The problem with this, says Benedict Carey, a New York Times science reporter and author of the book, How We Learn: The Surprising Truth About When, Where, and Why It Happens, is that this artifice of education often ignores all of the ways the brain really learns. What we’ve been taught about studying, practicing, and solving limits our ability to make learning last. Carey offers concrete strategies to capitalize on the first million years of brain development - that which made us hyper-aware of our surroundings, intent on finishing a project because of the need to accomplish a goal, or perceiving multiple factors at once to inform our next move. He accomplishes this by offering up a plethora of meta-research, experiments, personal anecdotes, and even puzzles to bring his points home. In fact, this is one of the more appealing aspects of the book - if you are looking for a relatively concise compilation of major research on the brain, memory, forgetting, and learning, How We Learn is an excellent resource. 

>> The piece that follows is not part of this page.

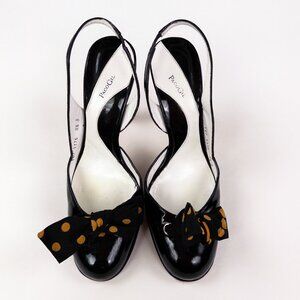 Paco Gil Platform Patent Leather D'Orsay Pumps Heels. Made in Italy. Round toe with black and gold polka dot bow. Small platform. Sling back with classic D'Orsay design.

How We Learn, through Carey’s organization of the research, provides for the layperson an accessible and comprehensive account of the science behind learning. He divides his narrative into four main parts. In part one, he brings everyone up to speed on the biology of learning and the role that forgetting plays in how we learn. A little forgetting is good because it means you work the memory muscle when you need to recall something. Part two focuses on the retention of knowledge and builds on the memory theme by delving into the relationship of learning in different contexts to aid in retrieval of information, spaced learning or knowing when to start studying, and self examination as an active means of study. Part three discusses the best way to solve more complex problems and it is in this section of the book, where Carey’s best work lies. He does a masterful job of articulating the steps involved in the “Insight Experience” (p. 114), the power of percolation around a problem, and “interleaving” or mixed-up practice (p. 171). Finally, part four introduces the intriguing realm of perceptual learning modules as a means to “supplement experience” (p. 186) and dutifully outlines the importance of sleep in consolidating learning across modes, physical and/or mental. 

While Carey does an excellent job compiling interesting studies and organizing research on learning into categories that make sense, the outcomes of that research and how he proposes we use them practically are not really new news. For example, Carey’s insight about spacing study sessions over multiple days to make your mind work harder to recall information is, essentially, our teachers’ admonition to study a little at a time. His advice about taking a break and distracting yourself when stumped on a problem in order to capture that a-ha! moment when you return to work is essentially like taking a coffee break in the faculty room. His point about using multiple choice testing to force the brain to eliminate bad choices and “tune it” towards the right one is essentially every high school junior’s primary strategy going into the SAT. This is not to say these are not important points to keep in mind and understand as teachers, because they are. But for the most part, educators who are focused on best practices, research, and influential trends on education will not find any groundbreaking ideas in this book. However, it could be a great resource for new teachers, inquisitive and committed parents, and students who, in Carey’s words, may need to “broaden the margins” (p. xi) and give themselves a break every once in a while.